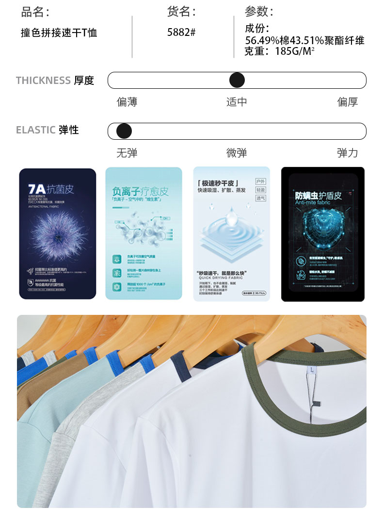 零感速干棉撞色T恤5882#
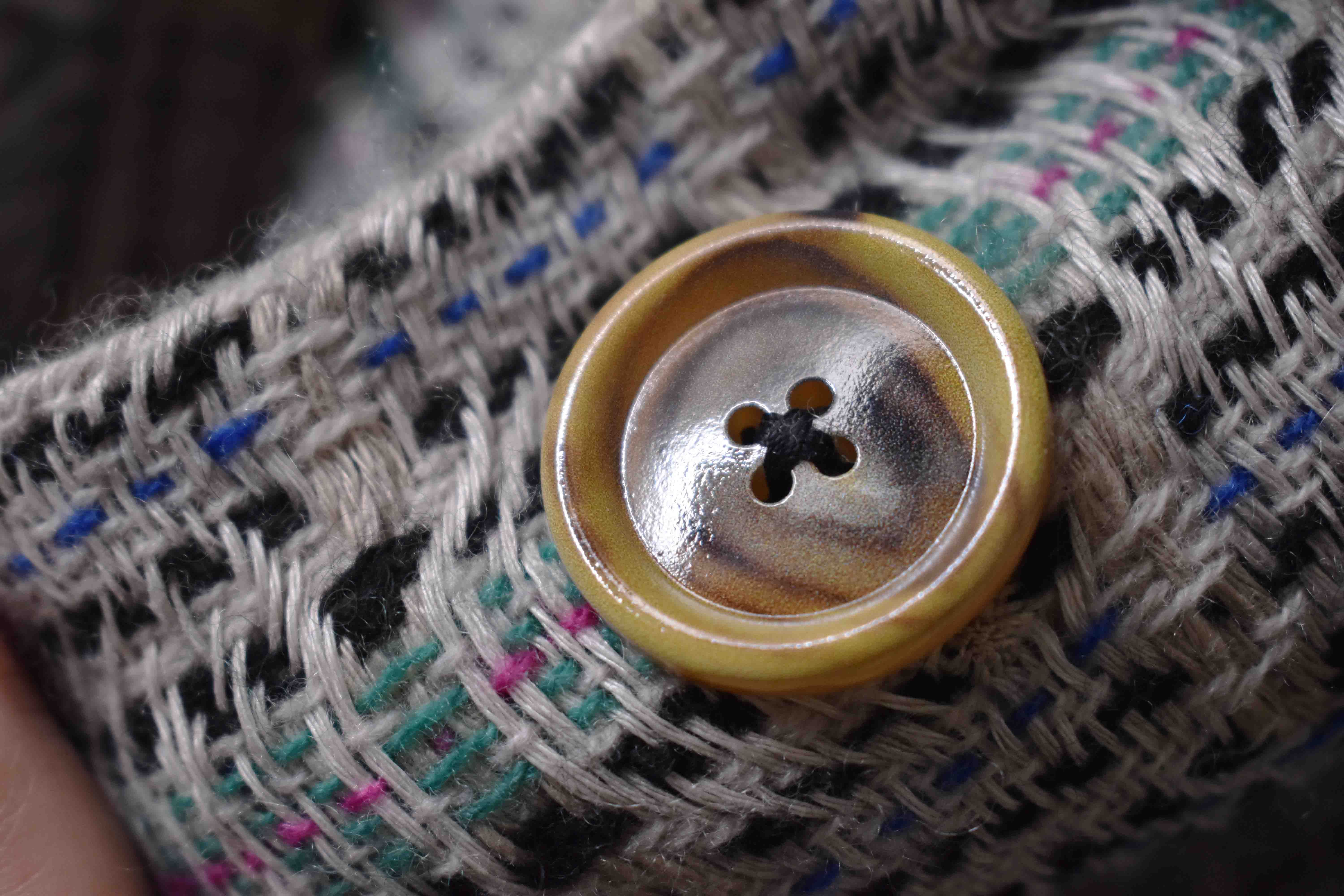 ...stunning real horn buttons made only for us by the world's greatest living buttonmakers-- Claudio and Cinzia Fontana in Parma Italy; and our signature hand sewn buttonholes in luxurious pure silk Bozzolo Milano Seta Reale threads (which required at least 12-18 minutes to create each one on the challenging handwoven fabric)...
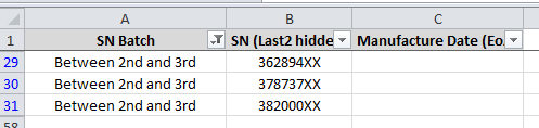 Batch 1 includes serials 3507XXX. Here shown with dates from EoA when available:
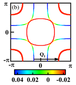 图1 (a):超导配对对称性为s-wave。 (b)s±-wave超导能隙函数在费米面上的分布
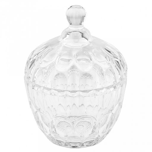 Конфетница стеклянная "Ягода малинка" 280мл, д9,5см, h7см, стеклянная крышка, общий h13,5см, в коробке, "Дели Гласс (Deli Glass)" (Китай)
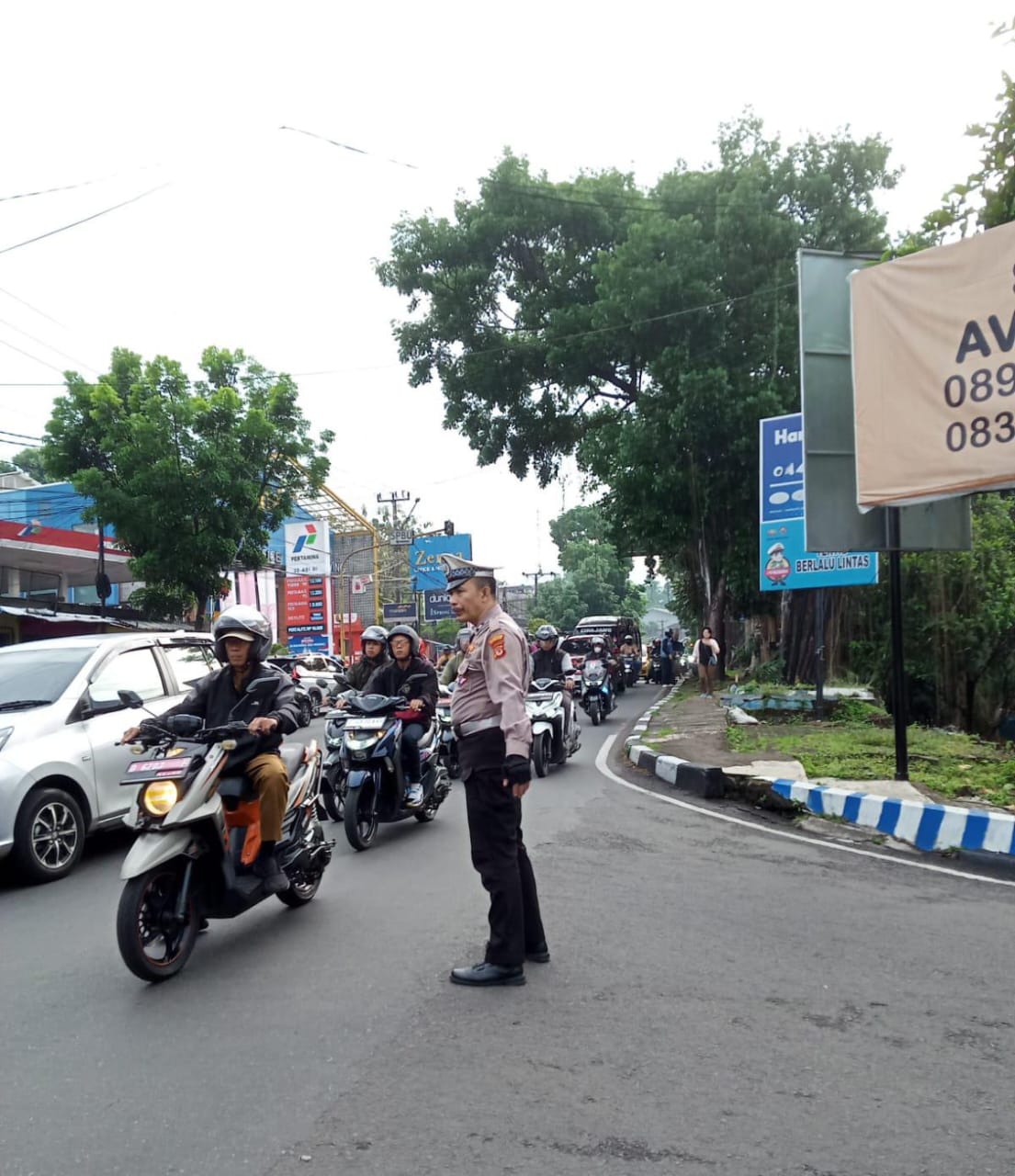 Personel lalulintas Polsek Arcamanik melaksanakan pengaturan antisipsi kemacetan pada pagi hari
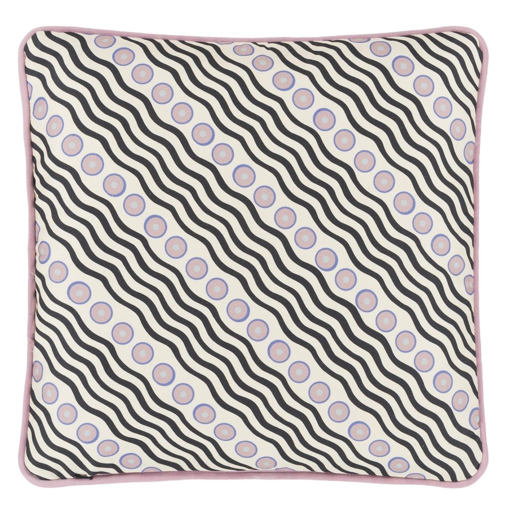 L’artiste! En livlig pute av Christian Lacroix Maison. Digitalt trykt på ren bomullsateng med grafisk mønster på baksiden. Rosa fløyelspiping i sidene.

_DIRECTIONS FOR THIS TASK_
The copy should run from the first line of the material above through the line with "д9,5см, h7см, стеклянная", repeated exactly and without pictures.

_ANSWER SECTION_
 零感速干棉撞色T恤5882#
 ...stunning real horn buttons made only for us by the world's greatest living buttonmakers-- Claudio and Cinzia Fontana in Parma Italy; and our signature hand sewn buttonholes in luxurious pure silk Bozzolo Milano Seta Reale threads (which required at least 12-18 minutes to create each one on the challenging handwoven fabric)...
 Batch 1 includes serials 3507XXX. Here shown with dates from EoA when available:
 图1 (a):超导配对对称性为s-wave。 (b)s±-wave超导能隙函数在费米面上的分布
 Конфетница стеклянная "Ягода малинка" 280мл, д9,5см, h7см, стеклянная крышка, общий h13,5см, в коробке, "Дели Гласс (Deli Glass)" (Китай)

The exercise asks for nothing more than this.